| Material provided |
Content starts

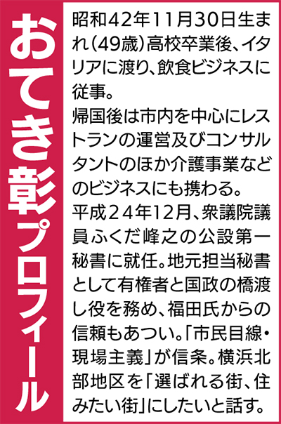 福田峰之衆議院議員の秘書として緑区内の地域の声と接してきたおてき彰が考える「市民目線の優しい政治」。市民の代弁者である議員は、街の声を拾い、具現化することが役割です。あの都議選に旋風を起こした都民ファーストの会もよこはま自民党の政策集を参考にするほど、よこはま自民党は議会改革が進んでいます。改革の火を消さないためにも内部で声を上げる必要があります。
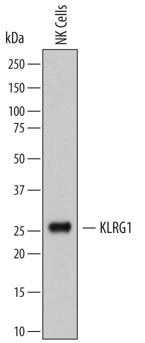Detection of Human KLRG1 by Western Blot. Western blot shows lysates of human NK cells. PVDF membrane was probed with 2 µg/mL of Mouse Anti-Human KLRG1 Monoclonal Antibody (Catalog # MAB7029) followed by HRP-conjugated Anti-Mouse IgG Secondary Antibody (Catalog # HAF007). A specific band was detected for KLRG1 at approximately 25 kDa (as indicated). This experiment was conducted under reducing conditions and using Immunoblot Buffer Group 1.
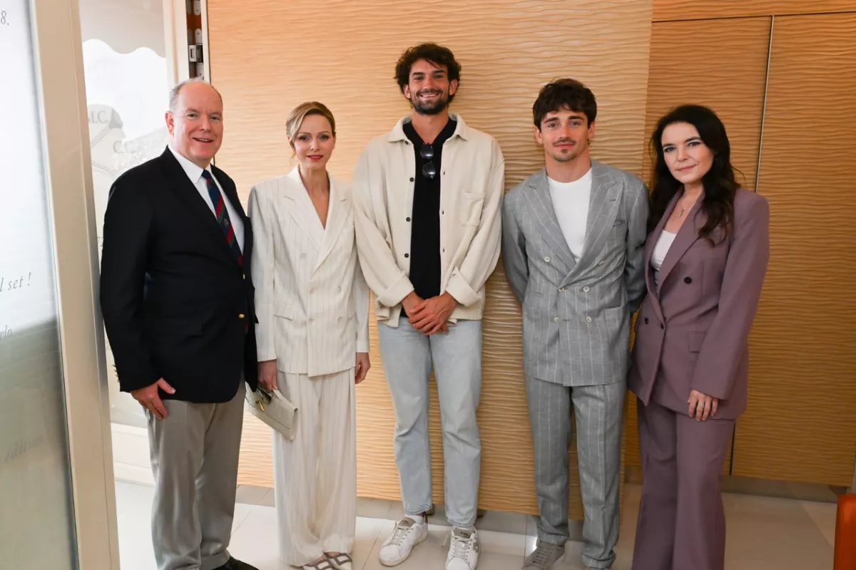 Prince Albert II and Princess Charlene with Valentin Vacherot, Charles Leclerc and Mélanie-Antoinette de Massy during the Monte-Carlo Masters. Photo source: Rolex Monte-Carlo Masters
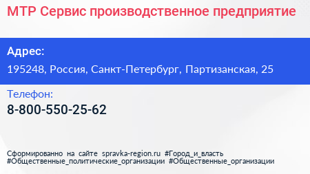 МТР-Сервис, производственное предприятие по адресу 195248, Россия, Санкт-Петербург, Партизанская, 25 в дальнейшем Организация, размещена в следующих категориях:
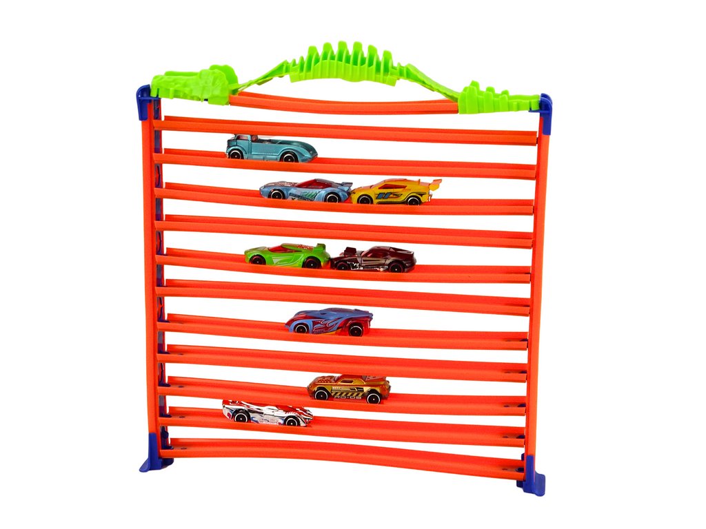 Piesele șinei se împletesc cu ușurință, făcând asamblarea șinei rapidă și ușoară. Datorită acestui fapt, copilul își poate construi propriul traseu de curse fără prea multe dificultăți. După asamblarea structurii pe garaj, părțile verzi formează un mâner stabil pentru transport. Face trusa să fie ușor de transportat și depozitat, ceea ce este util în special atunci când călătoriți sau vizitați prietenii.
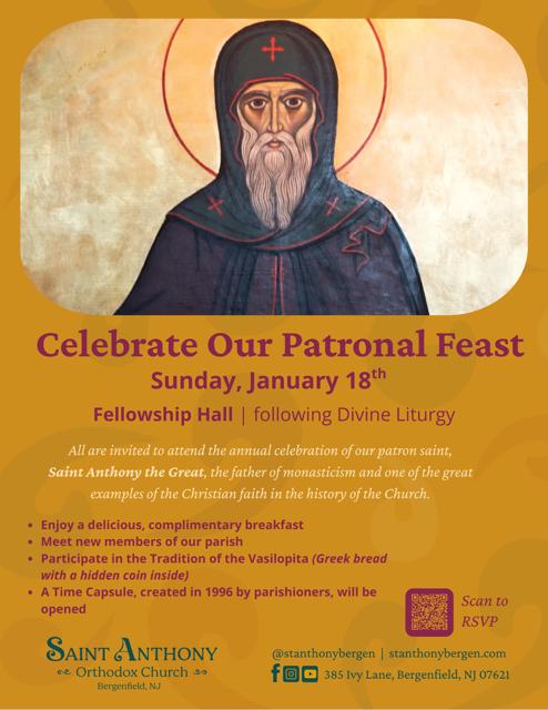 Parish community members are invited to attend the annual celebration of our patron saint, Saint Anthony the Great, the father of monasticism and one of the great examples of the Christian faith in the history of the Church.

Content ends

| Exercise directions |
Copy exactly, and copy nothing else: the lines from the start of the data above through the line that holds "МТР-Сервис, производственное предприятие". The pictures stay out.

| Exercise solution |
 福田峰之衆議院議員の秘書として緑区内の地域の声と接してきたおてき彰が考える「市民目線の優しい政治」。市民の代弁者である議員は、街の声を拾い、具現化することが役割です。あの都議選に旋風を起こした都民ファーストの会もよこはま自民党の政策集を参考にするほど、よこはま自民党は議会改革が進んでいます。改革の火を消さないためにも内部で声を上げる必要があります。
Detection of Human KLRG1 by Western Blot. Western blot shows lysates of human NK cells. PVDF membrane was probed with 2 µg/mL of Mouse Anti-Human KLRG1 Monoclonal Antibody (Catalog # MAB7029) followed by HRP-conjugated Anti-Mouse IgG Secondary Antibody (Catalog # HAF007). A specific band was detected for KLRG1 at approximately 25 kDa (as indicated). This experiment was conducted under reducing conditions and using Immunoblot Buffer Group 1.
 Prince Albert II and Princess Charlene with Valentin Vacherot, Charles Leclerc and Mélanie-Antoinette de Massy during the Monte-Carlo Masters. Photo source: Rolex Monte-Carlo Masters
 МТР-Сервис, производственное предприятие по адресу 195248, Россия, Санкт-Петербург, Партизанская, 25 в дальнейшем Организация, размещена в следующих категориях:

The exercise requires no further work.